_WHAT YOU HAVE TO DO_
The entries follow. Print each one exactly.

_Stored records_

⁂

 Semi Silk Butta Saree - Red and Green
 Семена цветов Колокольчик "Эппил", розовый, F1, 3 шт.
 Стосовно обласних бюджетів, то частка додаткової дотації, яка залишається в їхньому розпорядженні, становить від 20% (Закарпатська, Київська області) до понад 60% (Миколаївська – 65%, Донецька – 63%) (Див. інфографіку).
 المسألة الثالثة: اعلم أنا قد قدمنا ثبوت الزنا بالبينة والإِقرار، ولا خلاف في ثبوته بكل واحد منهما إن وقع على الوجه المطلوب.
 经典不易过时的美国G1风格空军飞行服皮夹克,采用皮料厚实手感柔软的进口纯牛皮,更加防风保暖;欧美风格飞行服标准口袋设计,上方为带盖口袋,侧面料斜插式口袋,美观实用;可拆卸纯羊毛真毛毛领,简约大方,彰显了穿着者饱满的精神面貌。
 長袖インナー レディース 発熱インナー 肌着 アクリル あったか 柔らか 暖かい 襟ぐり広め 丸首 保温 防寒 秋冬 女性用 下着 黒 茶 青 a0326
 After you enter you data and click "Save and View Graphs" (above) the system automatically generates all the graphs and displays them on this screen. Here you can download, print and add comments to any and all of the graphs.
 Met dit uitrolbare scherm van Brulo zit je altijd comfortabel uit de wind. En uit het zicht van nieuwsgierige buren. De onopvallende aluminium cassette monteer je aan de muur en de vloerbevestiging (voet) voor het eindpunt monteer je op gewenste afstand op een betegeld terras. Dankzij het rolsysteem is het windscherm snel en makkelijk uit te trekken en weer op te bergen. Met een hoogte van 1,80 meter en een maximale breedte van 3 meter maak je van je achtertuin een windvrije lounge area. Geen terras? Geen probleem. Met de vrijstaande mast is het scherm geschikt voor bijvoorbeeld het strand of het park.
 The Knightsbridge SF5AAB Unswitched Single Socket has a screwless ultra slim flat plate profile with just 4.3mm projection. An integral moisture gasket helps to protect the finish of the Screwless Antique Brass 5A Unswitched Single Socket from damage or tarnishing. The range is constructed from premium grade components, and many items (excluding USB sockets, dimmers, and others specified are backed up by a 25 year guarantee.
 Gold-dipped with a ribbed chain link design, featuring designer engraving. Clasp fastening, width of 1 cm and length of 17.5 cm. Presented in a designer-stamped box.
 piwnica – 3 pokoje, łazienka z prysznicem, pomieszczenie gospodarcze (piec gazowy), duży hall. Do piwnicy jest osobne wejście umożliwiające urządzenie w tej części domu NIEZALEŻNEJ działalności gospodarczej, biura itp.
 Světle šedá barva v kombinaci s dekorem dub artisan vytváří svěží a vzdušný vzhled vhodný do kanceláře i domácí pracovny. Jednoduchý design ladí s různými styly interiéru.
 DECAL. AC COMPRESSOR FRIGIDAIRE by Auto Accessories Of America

⁂

_OUTPUT BELOW_
 Semi Silk Butta Saree - Red and Green
 Семена цветов Колокольчик "Эппил", розовый, F1, 3 шт.
 Стосовно обласних бюджетів, то частка додаткової дотації, яка залишається в їхньому розпорядженні, становить від 20% (Закарпатська, Київська області) до понад 60% (Миколаївська – 65%, Донецька – 63%) (Див. інфографіку).
 المسألة الثالثة: اعلم أنا قد قدمنا ثبوت الزنا بالبينة والإِقرار، ولا خلاف في ثبوته بكل واحد منهما إن وقع على الوجه المطلوب.
 经典不易过时的美国G1风格空军飞行服皮夹克,采用皮料厚实手感柔软的进口纯牛皮,更加防风保暖;欧美风格飞行服标准口袋设计,上方为带盖口袋,侧面料斜插式口袋,美观实用;可拆卸纯羊毛真毛毛领,简约大方,彰显了穿着者饱满的精神面貌。
 長袖インナー レディース 発熱インナー 肌着 アクリル あったか 柔らか 暖かい 襟ぐり広め 丸首 保温 防寒 秋冬 女性用 下着 黒 茶 青 a0326
 After you enter you data and click "Save and View Graphs" (above) the system automatically generates all the graphs and displays them on this screen. Here you can download, print and add comments to any and all of the graphs.
 Met dit uitrolbare scherm van Brulo zit je altijd comfortabel uit de wind. En uit het zicht van nieuwsgierige buren. De onopvallende aluminium cassette monteer je aan de muur en de vloerbevestiging (voet) voor het eindpunt monteer je op gewenste afstand op een betegeld terras. Dankzij het rolsysteem is het windscherm snel en makkelijk uit te trekken en weer op te bergen. Met een hoogte van 1,80 meter en een maximale breedte van 3 meter maak je van je achtertuin een windvrije lounge area. Geen terras? Geen probleem. Met de vrijstaande mast is het scherm geschikt voor bijvoorbeeld het strand of het park.
 The Knightsbridge SF5AAB Unswitched Single Socket has a screwless ultra slim flat plate profile with just 4.3mm projection. An integral moisture gasket helps to protect the finish of the Screwless Antique Brass 5A Unswitched Single Socket from damage or tarnishing. The range is constructed from premium grade components, and many items (excluding USB sockets, dimmers, and others specified are backed up by a 25 year guarantee.
 Gold-dipped with a ribbed chain link design, featuring designer engraving. Clasp fastening, width of 1 cm and length of 17.5 cm. Presented in a designer-stamped box.
 piwnica – 3 pokoje, łazienka z prysznicem, pomieszczenie gospodarcze (piec gazowy), duży hall. Do piwnicy jest osobne wejście umożliwiające urządzenie w tej części domu NIEZALEŻNEJ działalności gospodarczej, biura itp.
 Světle šedá barva v kombinaci s dekorem dub artisan vytváří svěží a vzdušný vzhled vhodný do kanceláře i domácí pracovny. Jednoduchý design ladí s různými styly interiéru.
 DECAL. AC COMPRESSOR FRIGIDAIRE by Auto Accessories Of America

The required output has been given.